Her voice is trembling. I look into her eyes, and see a kind of panic there.
“I always hated this room.” She wraps her arms around herself. “It’s like being in his head, the only thing worse than being in his family. You lucked out on that, you know—not being a real daughter. I wish I could give you back those twenty-six minutes.”
“I know.”
I was only a throwaway, a tool. But she had to be his daughter all those years. I hated not being seen, but being seen was worse. I was never in a room alone with him.
What if all that time, she was protecting me too?
“Do you suppose there’s a painting of me?” she asks. “In storage somewhere? Ready to hang?”
“It doesn’t matter, Rafi. We’re leaving.” I take her hands. “It’s going to be okay.”
“It’s not.”
“It’s different out there, Rafi. There’s a whole world wher
e he can’t touch you. You never have to see him again!”
Her voice goes soft. “But I can’t come.”
“What do you mean?”
Rafi’s fingers go to her throat, touching the new necklace. “If I leave the house, this goes off.”
I stare at it. “He put a tracker on you?”
“No. A bomb.”
The wall is almost open.
Boss X has carved away the insulation and wiring, but the outer wall of the tower is solid duralloy. Too strong for a pulse lance.

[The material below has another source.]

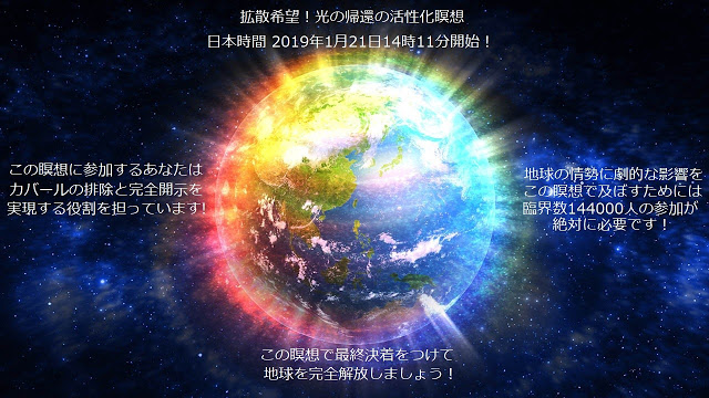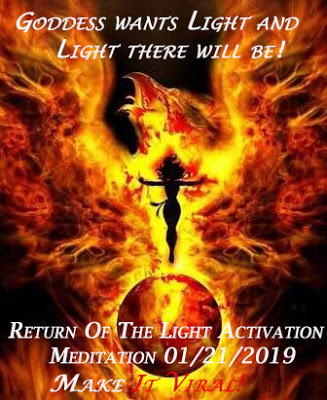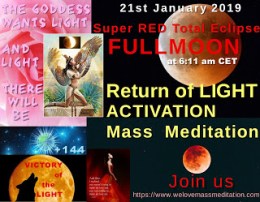 Στις 20/21 Ιανουαρίου θα γίνει ένας πολύ σημαντικός διαλογισμός κατά τη διάρκεια της κορύφωσης της σεληνιακής έκλειψης. Ο διαλογισμός αυτός οργανώνεται μετά από αίτημα του Cobra ώστε να αγκυροβοληθεί όσο δυνατόν περισσότερο φως στην επιφάνεια του πλανήτη. Κάτι τέτοιο θα βοηθήσει να λυθεί το τέλμα μεταξύ του Φωτός και των σκοτεινών δυνάμεων, ώστε τελικά η ανθρωπότητα να ελευθερωθεί. Γι’ αυτόν το λόγο δόθηκε σε αυτό το διαλογισμό η ονομασία «Επιστροφή Ενεργοποίησης Φωτός»
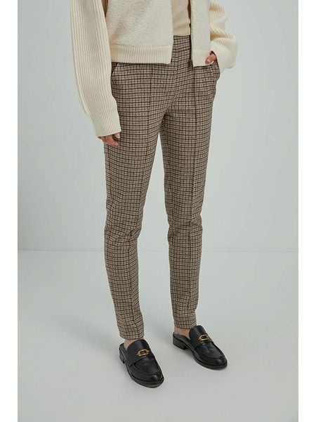– wysokość pasa: high waist- pas / ściągacz: elastyczny- kieszenie: wpuszczane i tylne- krój: wąski- wzór: kratka

Zura is setting explosive charges.
Shreve forces have occupied most of the building. But the spy dust is corrupted. They don’t know where we are, or that we’re about to blast our way out of the tower. The floor above us is full of proximity grenades, and Yandre holds our last plasma gun in their good arm, for any hovercars in our path.
But my sister is wearing a bomb around her neck.
“Anything?” I ask Dr. Leyva.
He’s staring at his handscreen. “I’ve pulled all the code from the necklace. It’s nothing too head-scratching.”
I nod. “He wouldn’t bother with anything complicated. Rafi’s not great at tech stuff.”
She looks at me slantwise. “Rafi is standing right here.”
“The problem is,” Leyva says, “I don’t have time to run a hardware schematic.”
“What does that mean?” I ask.
Rafi groans. “It means that the bomb around my neck is being defused by the host of a cooking feed!”
“A science of cooking feed.” Leyva stares at his screen. “I’ve been hacking Shreve code for a month now. It’s mostly been easy. But when I see code this simple, I worry there’s a trap—a trigger hidden in the hardware.”
He looks up at her.
“This is you, after all—la princessa Rafia. You’re more important than a bunch of solar panels.”
Rafi swallows. “So I’m stuck here.”
He holds out the screen. “My hack is ready to go. Just push that button. But—”
“But my head might blow up. What are the odds?”
Leyva lowers the screen. “You’d know better than I.”
I shake my head, my anger building. “If you don’t know, Doctor, how are we supposed to?”
Leyva spreads his hands. “It’s not about the bomb—it’s about your father. If he’d wanted to, he could’ve made this code too strong to break in a few minutes. But he made it easy.”